The minimum distance between individuals with random distribution on Mt. Hallasan population was 5 m in the Bangaeorum subpopulations and 10 m in the Yeongsil and Jindallaebat subpopulations. The topography and average height of individual trees contributed to the differences in each subgroup. In the Bangaeorum subpopulation, the topography affected the scattering distance of the seeds into the valley and prevented their spread over a wide range. The tree height and topography in the Yeongsil subpopulation were similar to those in the Bangaeorum subpopulation. However, the trees in the Jindallaebat subpopulation were 5 m taller than those in the other two subpopulations, and this increased the scattering distance of the seeds, and thereby the seed distribution.
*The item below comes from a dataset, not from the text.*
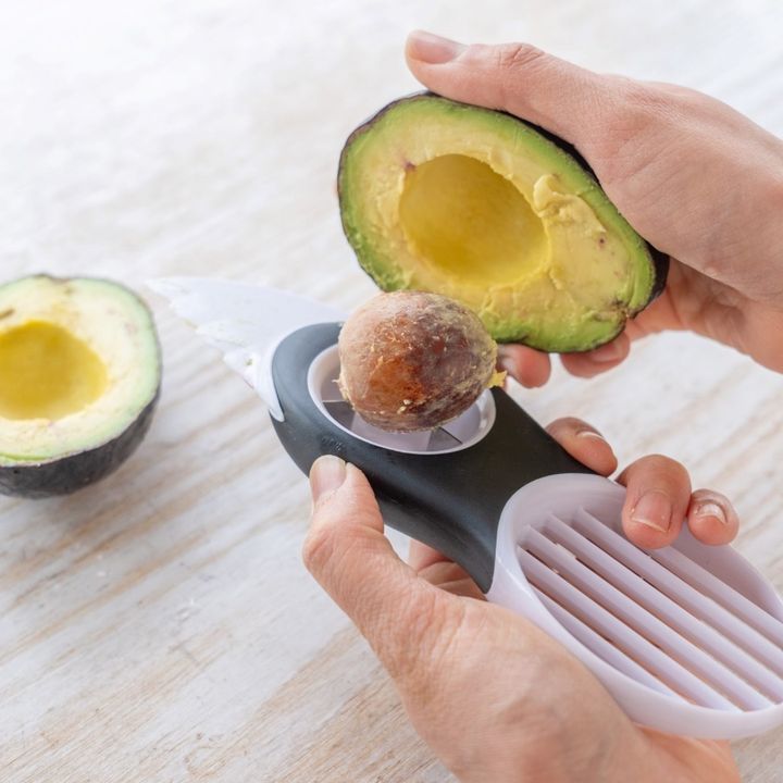 こちらはアボカド専用のスライサー。カット・種を取る・スライスの3ステップを快適にこなせます。

Sample size, which is the number of randomly sampled trees in each subpopulation, will ensure the detection of all common alleles (frequency of ≥0.05) of each subpopulation. A sample size of 20 individuals was sufficient to identify 95% of the alleles, and extraction from 35 individuals covered 100% of the alleles. Additionally, 100% allele coverage was possible by 30 individuals, 10 from each subpopulation. Similar to the previous results, which demonstrated that there was little differentiation between subpopulations in the Mt. Hallasan, the results of the sample size simulations showed that genetic diversity could be captured by samples of more than 35 individuals, regardless of locations. Therefore, as an optimal sampling strategy for restoration material, collecting at least 35 samples regardless of subpopulations can capture the genetic diversity of the A. koreana in Mt. Hallasan.

5. Conclusions

Abies koreana, endemic to the Republic of Korea, is distributed in sub-alpine regions with declining populations under current environmental changes. Appropriate restoration and conservation measures are urgently needed to conserve the stability of the declining A. koreana population on Mt. Hallasan. In this study, we estimated the genetic diversity, genetic differentiation, and spatial genetic structure of A. koreana population on Mt. Hallasan. Based on the results, we proposed sampling 35 individuals, as an optimal sampling strategy to capture the genetic diversity of A. koreana on Mt. Hallasan. Future analysis including crossbreeding rate, effective population size, and seed dispersal patterns would be helpful to estimate the effect of the mating system on genetic variation in the progeny of the analyzed populations. Our study thus provides insights for the development of strategies to restore and conserve this endangered species in future climate change scenarios.